▶ [Supplied entries]:
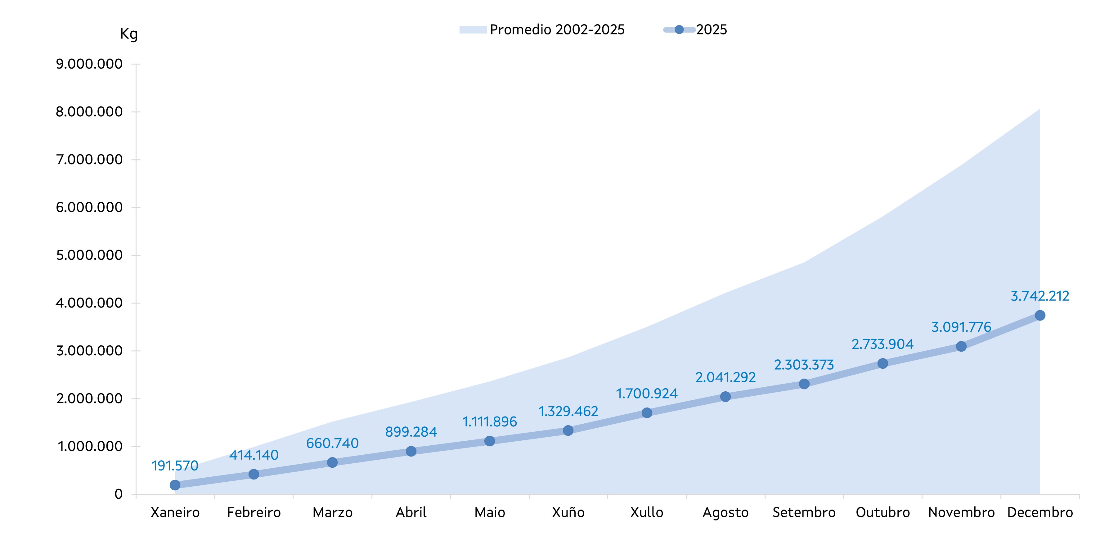 | Longueirón | 68.735 | 779.362 | 74.698 | 783.432 | -5.962 | -4.070 | -7,98% | -0,52% |
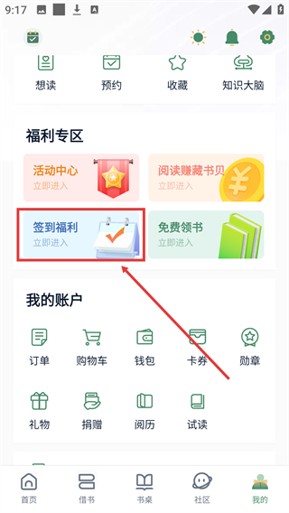 2、进入【我的】页面后,找到【福利专区】下的【签到福利】选项并点击,可参与签到活动。
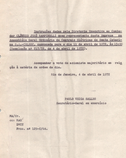 Documentos referentes à Assembleia Geral Ordinária das Centrais Elétricas de Santa Catarina S.A. - CELESC, empresa associada da Eletrobras, realizada em 11 de abril de 1972, tendo como ordem do dia a deliberação sobre o relatório, balanço, conta de lucros e perdas referentes ao exercício de 1971 e parecer do Conselho Fiscal, eleição dos membros do Conselho Fiscal e Deliberativo e fixação dos seus honorários, e outros assuntos de interesse da companhia. Inclui a pauta da reunião encaminhada a Cláudio José Rampinelli, representante da Eletrobras.
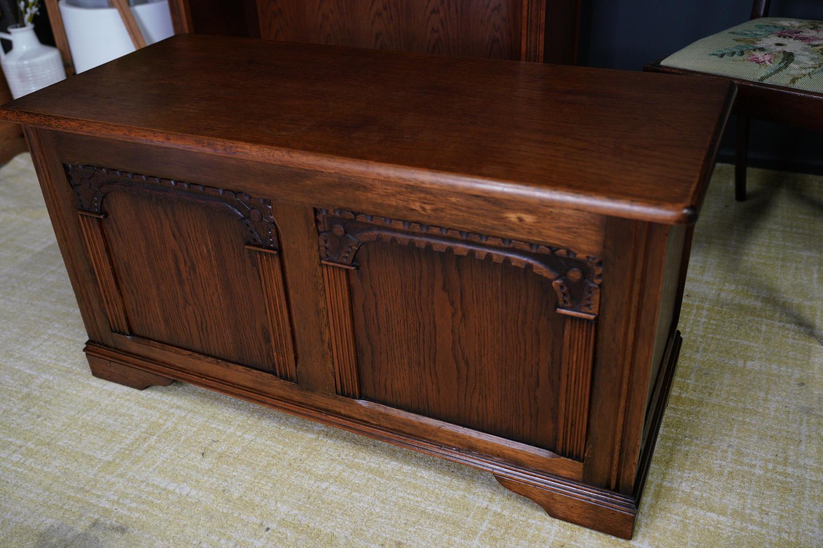 Vintage Old Charm Solid Oak Coffer Trunk Blanket Box Storage
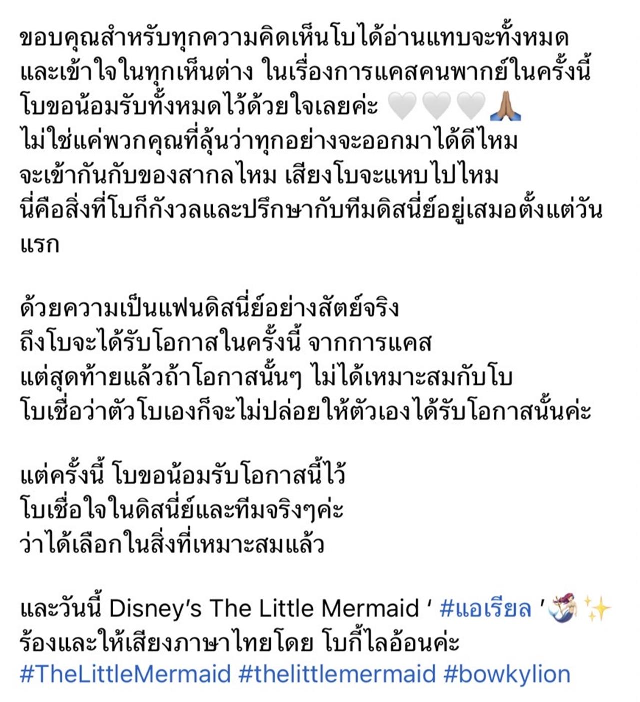 ขอบคุณสำหรับทุกความคิดเห็นโบได้อ่านแทบจะทั้งหมด และเข้าใจในทุกเห็นต่าง ในเรื่องการแคสต์คนพากย์ในครั้งนี้ โบขอน้อมรับทั้งหมดไว้ด้วยใจเลยค่ะ ไม่ใช่แค่พวกคุณที่ลุ้นว่าทุกอย่างจะออกมาได้ดีไหม จะเข้ากันกับของสากลไหม เสียงโบจะแหบไปไหม นี่คือสิ่งที่โบก็กังวลและปรึกษากับทีมดิสนีย์อยู่เสมอตั้งแต่วันแรก

▶ [What you need to do]: Lines from the one that contains "Vintage Old Charm" through the last line of the data above are to be extracted exactly, with no pictures and no other lines.

▶ [Result of the exercise]:
 Vintage Old Charm Solid Oak Coffer Trunk Blanket Box Storage
 ขอบคุณสำหรับทุกความคิดเห็นโบได้อ่านแทบจะทั้งหมด และเข้าใจในทุกเห็นต่าง ในเรื่องการแคสต์คนพากย์ในครั้งนี้ โบขอน้อมรับทั้งหมดไว้ด้วยใจเลยค่ะ ไม่ใช่แค่พวกคุณที่ลุ้นว่าทุกอย่างจะออกมาได้ดีไหม จะเข้ากันกับของสากลไหม เสียงโบจะแหบไปไหม นี่คือสิ่งที่โบก็กังวลและปรึกษากับทีมดิสนีย์อยู่เสมอตั้งแต่วันแรก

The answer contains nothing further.